A traditional symbolic learning algorithm running on this dataset will find the following four rules:

(a) If person has red hair then person is sunburned;

(b) If person is brown haired then person is not sunburned;

(c) If person has blonde hair and no lotion used then person is sunburned; and

(d) If person has blonde hair and lotion used then person is not sunburned.

Our approach identified the following five single condition rules in ten generations, with a maximum population of 6 in each generation:

(i) 'IF unit1 is 1 THEN output is 1 (fitness 4.667)', which corresponds to: 'IF hair

colour=blonde THEN result is sunburned'. The fitness here is calculated as follows:

input unit 1 to hidden unit 1 weight of -2.029721* hidden unit 1 to output unit 1 weight of -2.299536.

(ii) 'IF unit 3 is 1 THEN output is 1 (fitness 3.908)', which corresponds to `IF hair colour=red THEN result is sunburned' (input unit 3 to hidden unit 1 weight of -1.702274 * hidden unit 1 to output unit 1 weight of -2.299536).

(iii) 'IF unit 10 is 1 then output is 1 (fitness 4.154), which corresponds to 'IF no lotion used THEN result is sunburned' (input unit 10 to hidden unit 4 weight of -1.624518 *hidden unit 4 to output weight of -2.556154).

## Fig.5-First three generations of chromosome evolution in the extraction of rules.

(iv) 'IF unit 2 is 1 THEN output is 2 (fitness 8.43)', which corresponds to: 'IF hair colour=brown THEN result is not sunburned' (input unit 2 to hidden unit 5 weighting of 2.288170 * hidden unit 5 to output unit 2 weighting of 3.682286, with rounding)

(v) 'IF unit 11 is 1 THEN output is 2 (fitness 10.12)', which corresponds to 'IF lotion used THEN result is not sunburned' (input unit 11 to hidden unit 5 weighting of

2.754642 * hidden unit 5 to output unit 2 weighting of 3.682286, with rounding).

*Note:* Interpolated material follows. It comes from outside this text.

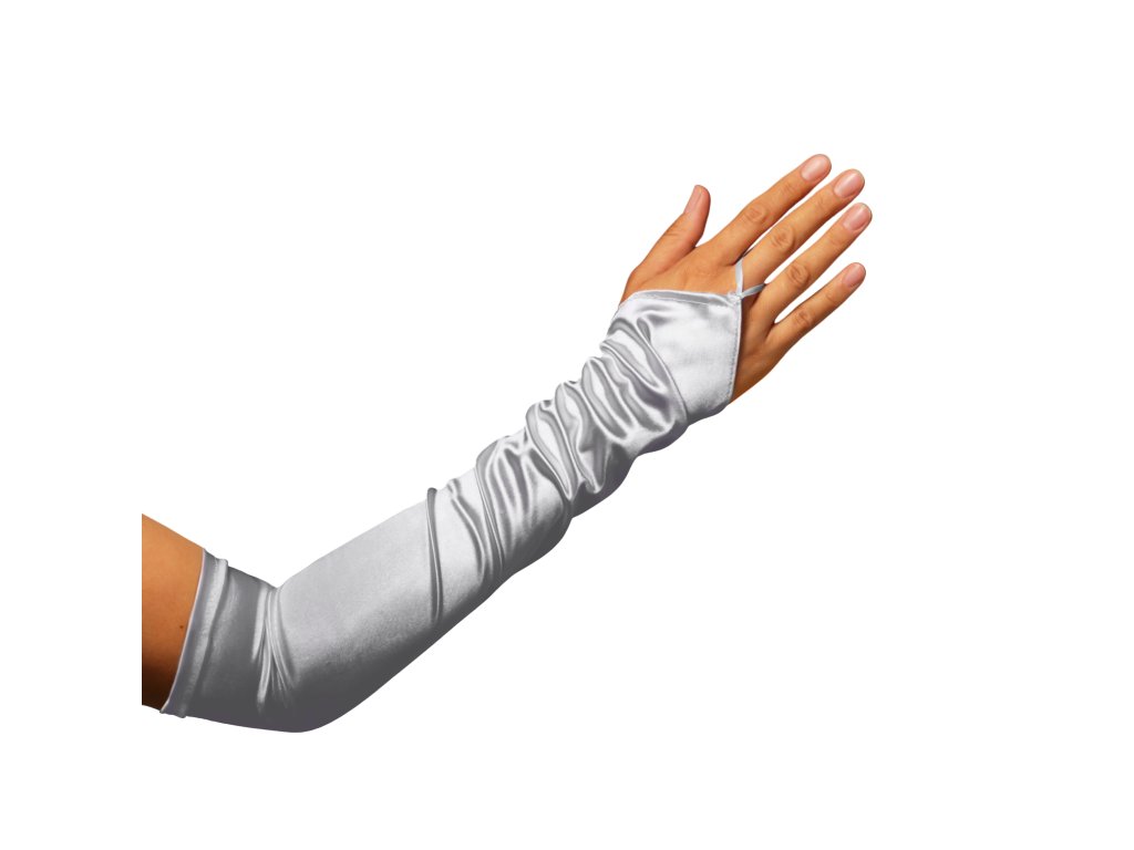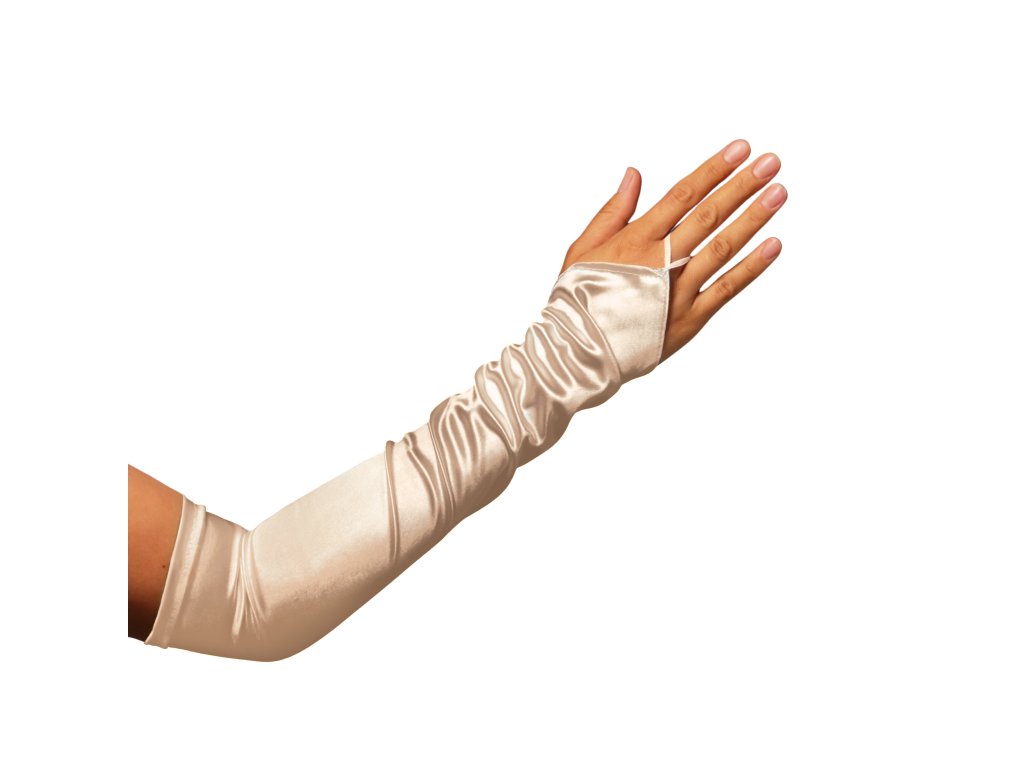 Dlouhé saténové rukavice s jemným leskem a elegantním detailem – špička zakončená ouškem pro zachycení na prostředníček. Tento rafinovaný prvek zajišťuje perfektní držení a dodává rukavicím originální šmrnc. Díky délce 48 cm působí luxusně a opticky prodlužují paži. Ideální ke společenským šatům, na ples, svatbu i glamour večírek.

Figure 5 shows that, for the sunburnt cases (rules (i) - (iii) above), there is early convergence (within three generations) to these rules. The fitness values cited in the rule set above may not be the maximum attainable but are nevertheless significantly above 0.

## 7. Conclusion

In this paper we reviewed various techniques for rule extraction from ANN. The rule extraction plays a very important role in the applications like Medical science where justification of the obtained results is important. The first technique described i.e. Re-RX algorithm is capable of extracting classification rules from NN trained using both discrete and continuous attributes.In the second techniques first the neural network is trained with adaptive activation function. Then the rules are extracted from this trained neural network by using the OptaiNET that is an Artificial immune Algorithm (AIS).In Opt-aiNET algorithm for rule extraction it's been observed that this method has increased classification accuracy despite decreasing number of rules. At the end of the paper the method of rule extraction from neural network by using genetic algorithm is explained.